Introduction

In this guide, we will go through the two main methods you can follow to delete events from Splunk.

The first method uses Splunk’s delete command to selectively delete events from Splunk. The second method leverages index retention settings to delete events.

Method 1 - Using Splunk’s delete Command

🔴 Please be sure to read Splunk’s documentation regarding the delete command before attempting to delete events. Once deleted, you CANNOT retrieve the data.

  1. Add the can_delete role to your account temporarily or create a account to use specifically for event deletion.

    Before you can run the delete command, your account will need the can_delete role. I recommend adding this role for the duration it takes to delete events and removing it immediately after. This will help prevent unintentional event deletion. You can also create a separate Splunk user with the can_delete role that is only used for this specific purpose. Again, these are just measures to prevent accidental event deletion.

  2. Create a search to pull the events you want to delete. (Ex. index=myindex sourcetype="_json" over the last 6-hours)

    Once you have the can_delete role, you need to create a search to pull all the events you want to delete. Her are some examples:

    Simple Search index=myindex sourcetype="_json"
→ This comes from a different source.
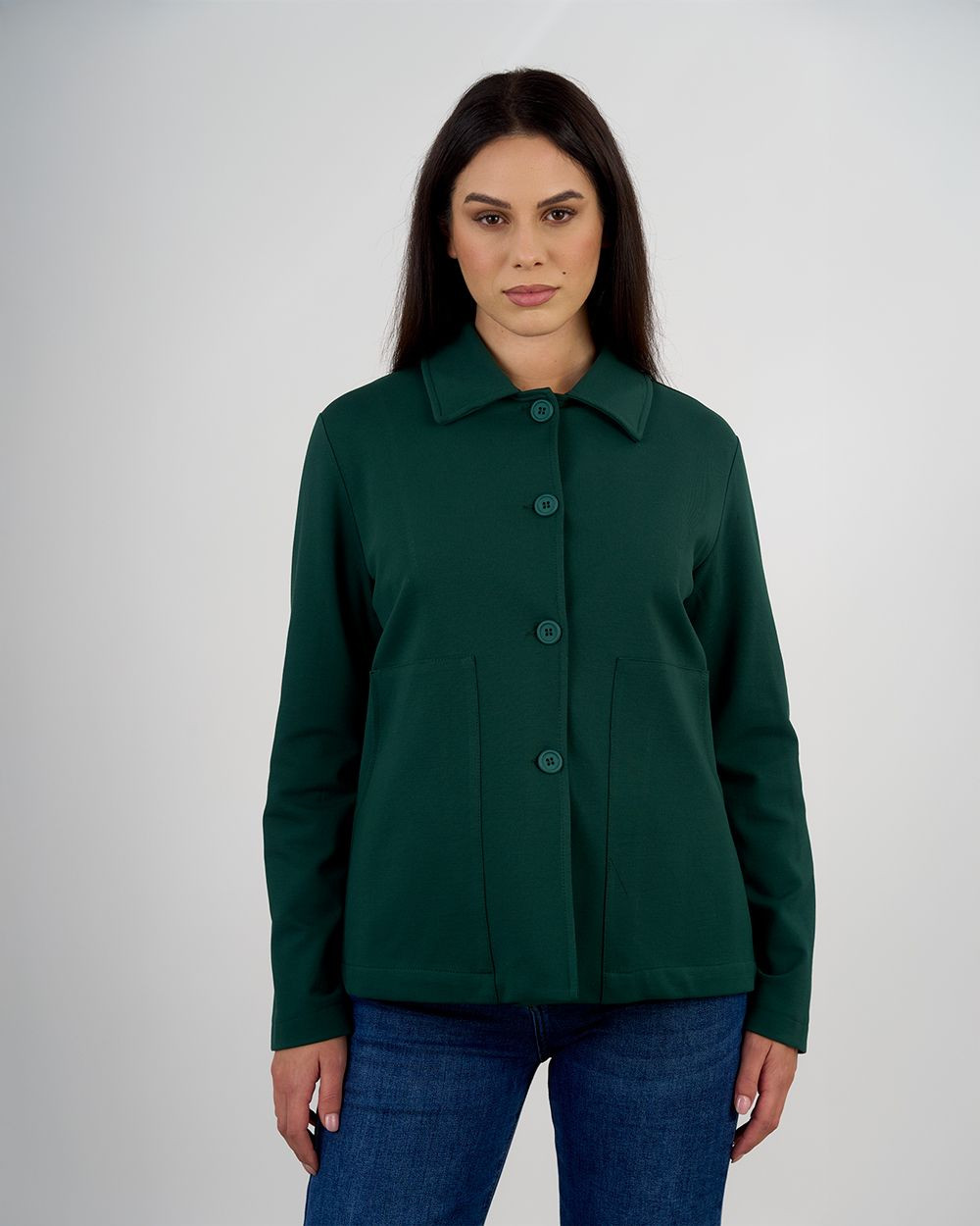 Il modello presenta colletto classico, chiusura frontale con bottoni e ampie tasche applicate sul davanti, perfette per un look pratico ma ricercato.

    Adding Additional Filters index=myindex sourcetype="_json" log_level="DEBUG"

    Using Regex to Pull Events Matching a Pattern index=myindex sourcetype="_json" | regex _raw = "\d{3}-\d{2}-\d{4}"

  3. Pipe the events into the delete command. (Ex. index=myindex sourcetype="_json" | delete over the last 6-hours)

    Once you have verified that your search is only retrieving the events you want to delete AND that you are only pulling events within the timeframe you are intending, you can pipe the events to the delete command. Here is what that looks like with the previous examples:

    Simple Search index=myindex sourcetype="_json" | delete

    Adding Additional Filters index=myindex sourcetype="_json" log_level="DEBUG" | delete

    Using Regex to Pull Events Matching a Pattern index=myindex sourcetype="_json" | regex _raw = "\d{3}-\d{2}-\d{4}" | delete

  4. Remove the can_delete role from your account.

The process is complete and all the matched events will no longer show in searches. Make sure you don’t accidently rerun the search over a different timeframe! Remove the can_delete role from your account.

Keep in mind that this process does not delete the events from disk. Once events are indexed in Splunk, they are immutable. When we run the delete command, the matched events are simply “tagged” as deleted and will no longer show in searches. There is no was to revert this process. If you want the events back, you will need to re-index them from the source. Since the data is not deleted from disk, it will continue to take up some diskspace until the data is removed based on your index retention settings (or it will roll into frozen if you have that configured).

Method 2 - Deleting the Data

What if you need the data deleted from disk for some reason? The delete command is not going to do that for you. Unfortunately, there is no good way to truly delete data from Splunk.

Here are two options you have, but I don’t recommend doing this because you risk losing data you need and is more of a nuclear option.

Option 1 - Reduce Index Retention to Delete Events Reduce the index’s retention configuration to allow Splunk to automatically delete older events or roll to frozen (You can delete the frozen buckets if needed).

For example, if the unwanted events are from 2-months ago, you can temporarily set the index’s retention length to 1-month and allow Splunk to delete the older buckets. From there, you can revert back to your original retention settings.

The obvious issue is that you might be deleting old data that you still need. Again, I don’t recommend you doing this unless you don’t care about the historical data in the index.

Option 2 - Delete and Re-Index This is similar to option 1, but it requires you to have a copy of the source data that you want to keep so that you can re-index it. The re-indexing process will use your license.

For this, you will need to configure your index’s retention length to something super short to allow for all the data in the index to roll out and get deleted (If you have frozen, you can either remove it temporarily while you are doing this or remove the frozen buckets later.) Once the buckets have been deleted by Splunk, you can start re-indexing the data from the source. You might need to use crcSalt and related configs from this Splunk doc to re-index the data.

Again, this has the same down-sides of option 1. You also need to have the original data that you want to keep ready for re-index, which you may not have.

Both these options are only if you absolutely need to get the events off of the disk for whatever reason. You can also use some creative thinking to mix and match the methods we talked about to get the desired effect you are going for.

Conclusion

Using the delete command is a great way to “delete” events from Splunk and not have it show in searches. The command does not remove the events from disk, so it will not save you any disk space. Method 2 involves deleting data from the index based on time or completely wiping an index and re-indexing data you need if you have them on-hand. I do not recommend following the second method, but you options are limited if you truly need to wipe the data from the disk.